As we’re sure you know by now, the MRTA did not pass this legislative session, despite all of our efforts. But this is not a defeat – this is just a delay.
We’ll have many more details for you in the coming days, and at this point we want to share our official statement that was sent out to the press yesterday evening:
The decriminalization bill that is currently being negotiated would not end arrests for marijuana possession. Instead, the bill reduces penalties for public use and burning lines to a violation that can still ultimately lead to arrest. Marijuana was decriminalized by New York in 1977, and yet millions of people have been arrested since then.
Even after various county District Attorneys, including Manhattan DA Cyrus Vance, Jr. and Albany County DA David Soares ended prosecutions for marijuana possession, law enforcement officers in their jurisdiction continued to make arrests. More than 900,000 New Yorkers’ have been arrested for marijuana possession since 2000, and over 80% of arrested individuals have been Black or Latinx. There is nothing in the proposed decriminalization bill that suggests this practice will end.
While the bill would expunge records, it does so in a way that places the livelihood of immigrants at risk and imposes burdensome restrictions on affected individuals. Moreover, the proposed bill does not address existing obstacles to child welfare, housing, employment, professional licensing, higher education, and benefits for individuals who have been previously arrested for possession.
North Dakota decriminalized marijuana last month. That piece isn’t controversial. Actually addressing the legacy of harm from prohibition and targeted enforcement, and providing a pathway forward to a more equitable future, is what requires meaningful and decisive leadership. Our legislators and Governor Cuomo have failed in that regard, and have sent a message to New Yorkers that racial and economic justice is not a priority for them.

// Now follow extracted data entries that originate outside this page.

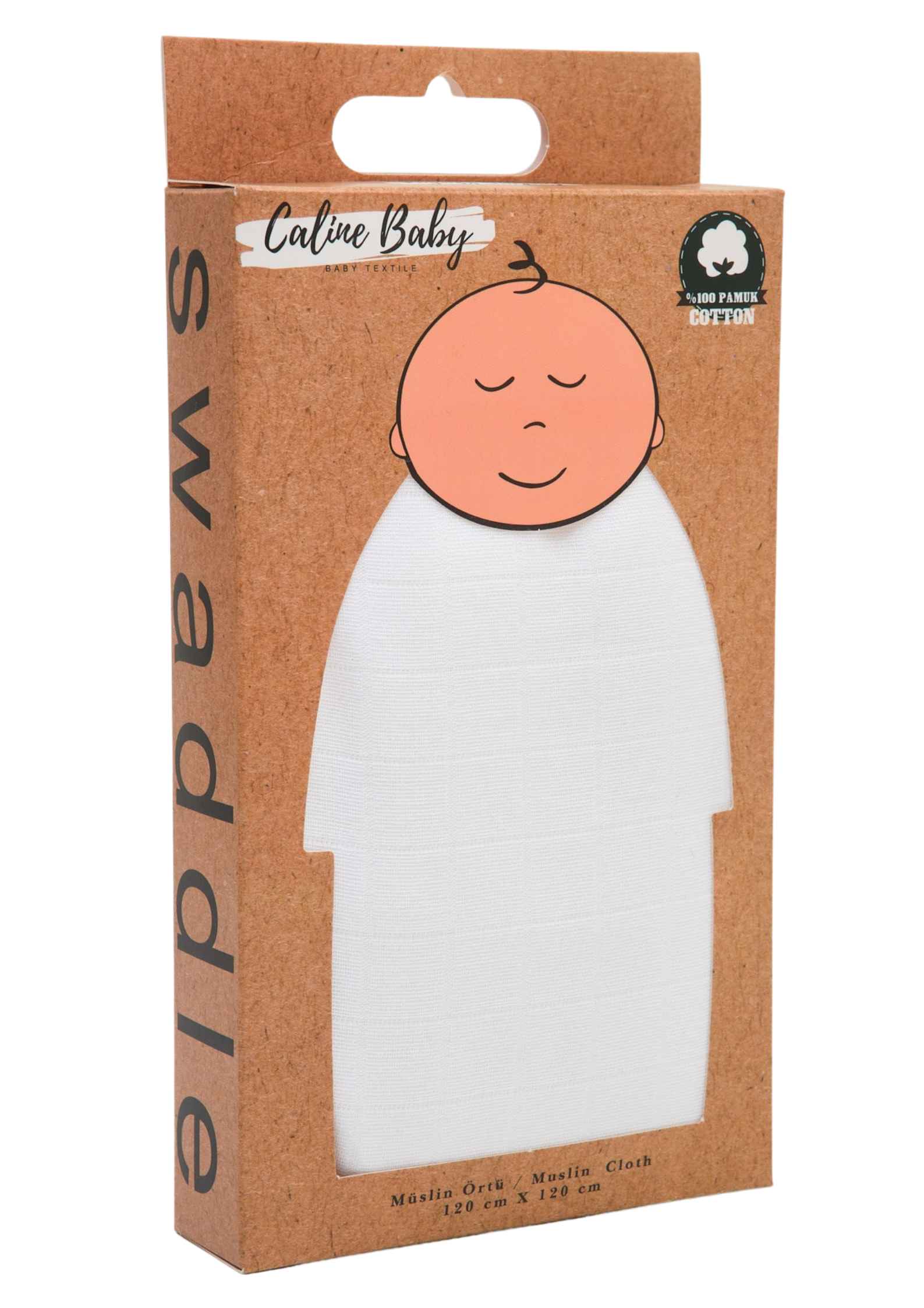 Piyasadaki müslinler 90x90 cm - bebeğin 2 yaşına gelince küçük kalıyor, yenisini almak zorundasın. Caline Baby 120x120 cm, 110x110 cm - 0'dan 5 yaşına kadar rahatça kullanırsın.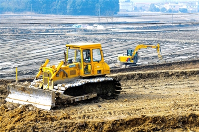1月3日,咸安区浮山街道白鹤村余马湾、韩家滩的高标准农田改造现场,挖掘机和推土机来回忙碌,进行清挖沟渠和土地平整作业。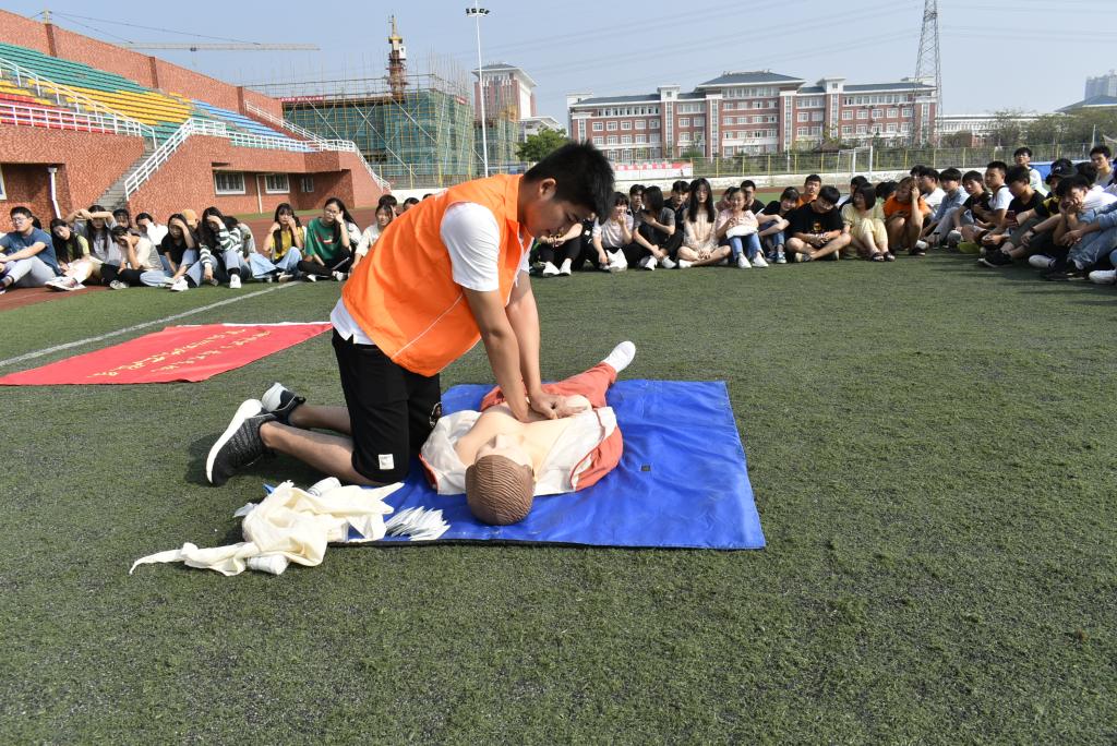 为普及应急救护常识,提高19级新生基本救护能力和安全意识,食环学院团总支学生会9月13日在操场对19级新生开展了一次集中的应急救护培训。
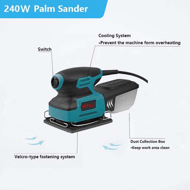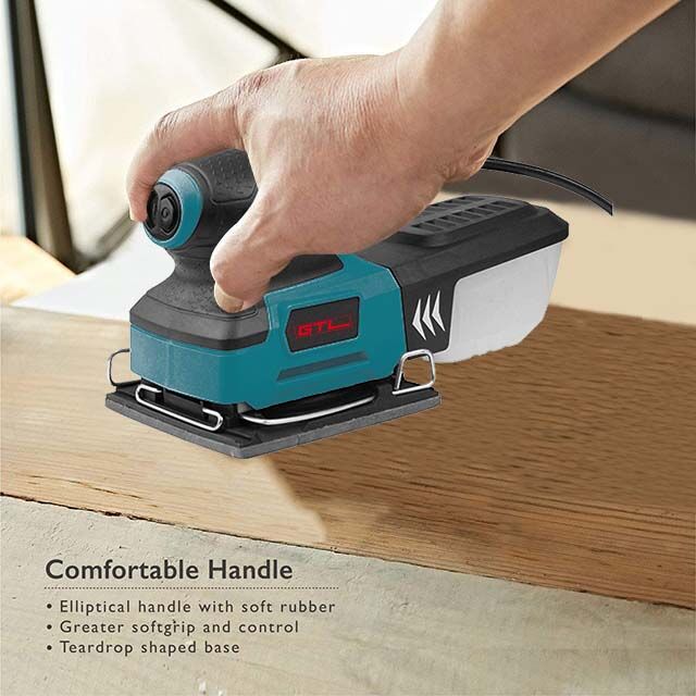 Corded Power: With a 240W motor, this palm sander is stronger than most and can handle major jobs with ease, rotating at 15000 OPM.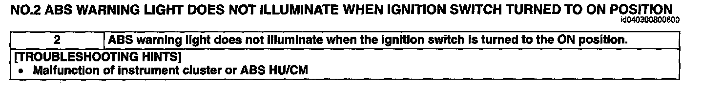 No.2 ABS Warning Light Does Not Illuminate When Ignition Switch Turned to on Position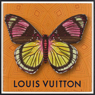 Stephen Wilson expertly crafts extraordinary and timeless designs using sustainable materials. Each art piece embarks on a journey, starting with an up-cycled luxury bag, box, silk scarf, or album. Wilson meticulously creates a bespoke embroidery design, delicately intertwining every stitch by hand. Once the design, colors, and elements are meticulously selected, the artistic process advances to the assembling stage. The boxes and bags undergo a mesmerizing transformation, metamorphosing into captivating canvases for Wilson's creations. The embroidery is seamlessly integrated into the chosen medium, unveiling a captivating texture that breathes life into the artwork. Appliqués, patches, and butterflies are individually stitched out, meticulously crafted, and delicately placed on each piece, culminating in a truly distinctive and unparalleled masterpiece. Finally, each artwork is beautifully presented, encased in an acrylic frame, ready to enchant all who behold it.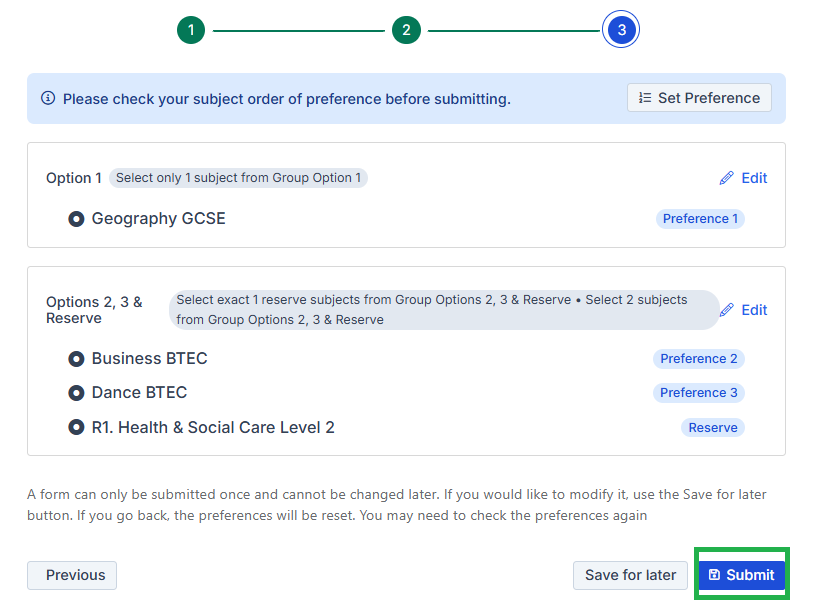 A form can only be submitted once and cannot be changed later. If you would like to modify it, use the Save for later button. If you go back, the preferences will be reset. You may need to check the preferences again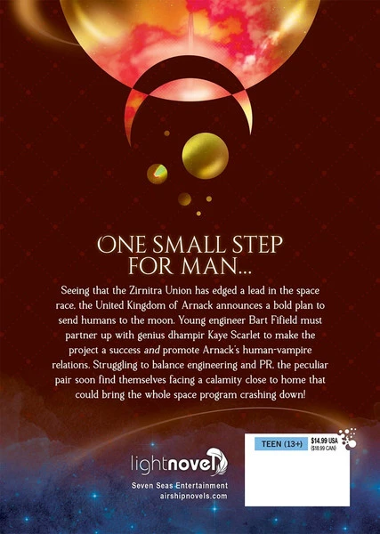 Seeing that the Zirnitra Union has edged a lead in the space race, the United Kingdom of Arnack announces a bold plan to send humans to the moon. Young engineer Bart Fifield must partner up with genius dhampir Kaye Scarlet to make the project a success and promote Arnack’s human-vampire relations. Struggling to balance engineering and PR, the peculiar pair soon find themselves facing a calamity close to home that could bring the whole space program crashing down!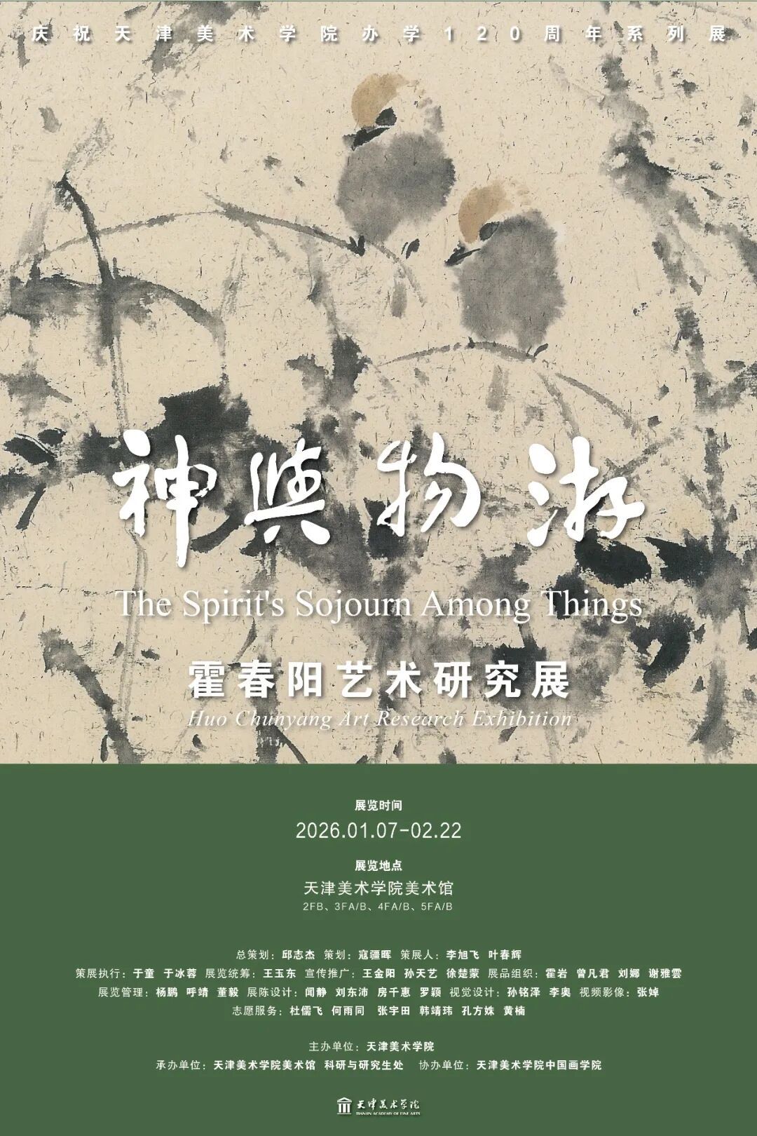 由天津美术学院主办,天津美术学院美术馆、科研与研究生处承办,中国画学院协办的《神与物游——霍春阳艺术研究展》将于2026年1月7日下午14时在美院美术馆开幕。
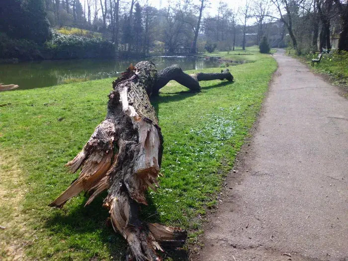 Kmen vyvráceného stromu funguje na břehu rybníka jako lavička i atraktivní prvek zároveň.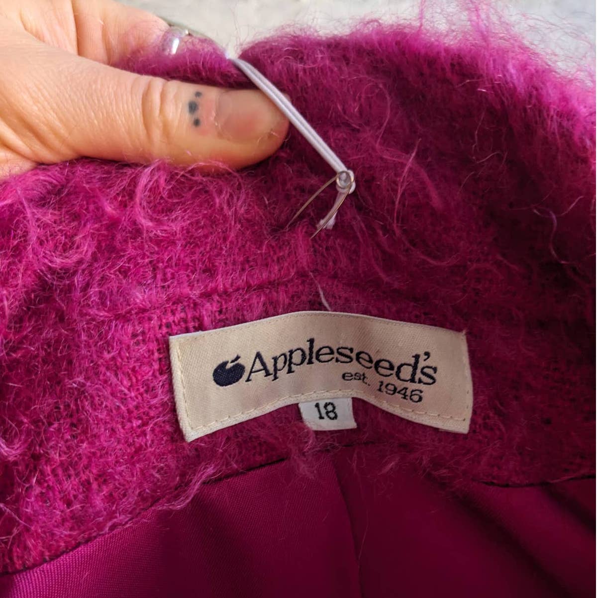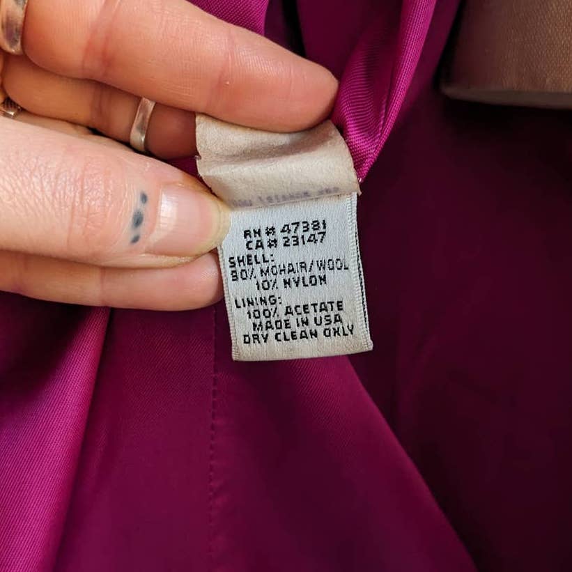 OBSESSED with this fuzzed out furry mohair dream trench! So wild so funky like your favorite mohair sweater but in jacket form! Gorgeous vibrant hot pinky magenta tone. Subtle furry fuzzing gives a soft girl angelic look. 90s trashy chic does 80s barbie boss babe vibes. Longline silhouette, light shoulder padding, dagger collar, swirly button front, pockets! Super soft and so cozy. Lining has a few larger cosmetic tears. Gently used, in excellent vintage condition.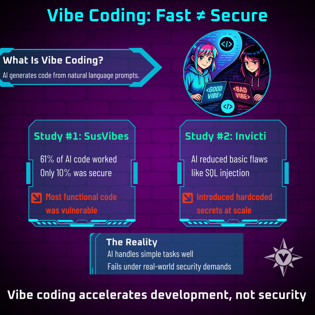 This article really examines two distinct studies that were very recent. One done as part of a university collab and the other more from private firm. Both studies have reputable formats in their studies and produce interesting results. For me (and hopefully for you) we have to recognize that these studies will be required to be examined more often as an industry and even as part of internal benchmarking research within companies and groups that are looking to analyze the fruits (or spoils) of vibe coding efforts. It’s important to remind that at this stage of where we are with AI inclusion in software development and product build outs, that there shouldn’t be a conclusive study that encourages or disuades those that are considering vibe coding. As with anything new, there are truly valuable assets to vibe coding however these studies do manifest a dichotomy from their research on clear gaps in accuracy and reliability but at the same time opportunities to truly operationalize security at scale by extrapolating and operationalizing the functional parts that do work and to ensure continued benchmarking as part of the process.

Comprehensive reform would have been an enormous economic driver for struggling communities across the state. But in a moment when they had a clear avenue for building up marginalized communities, they chose not to act. Instead, Governor Cuomo and legislators have attempted to sell us on half-measures that will jeopardize countless lives and futures, and perpetuate continued racial injustices. They must be held accountable, and cannot use a so-called decriminalization bill as political cover for their inaction.”
While this isn’t where we were hoping we’d be today, we are hopeful the work done this session will not be wasted. We are going to keep organizing and fighting until we get New Yorkers what we want and deserve.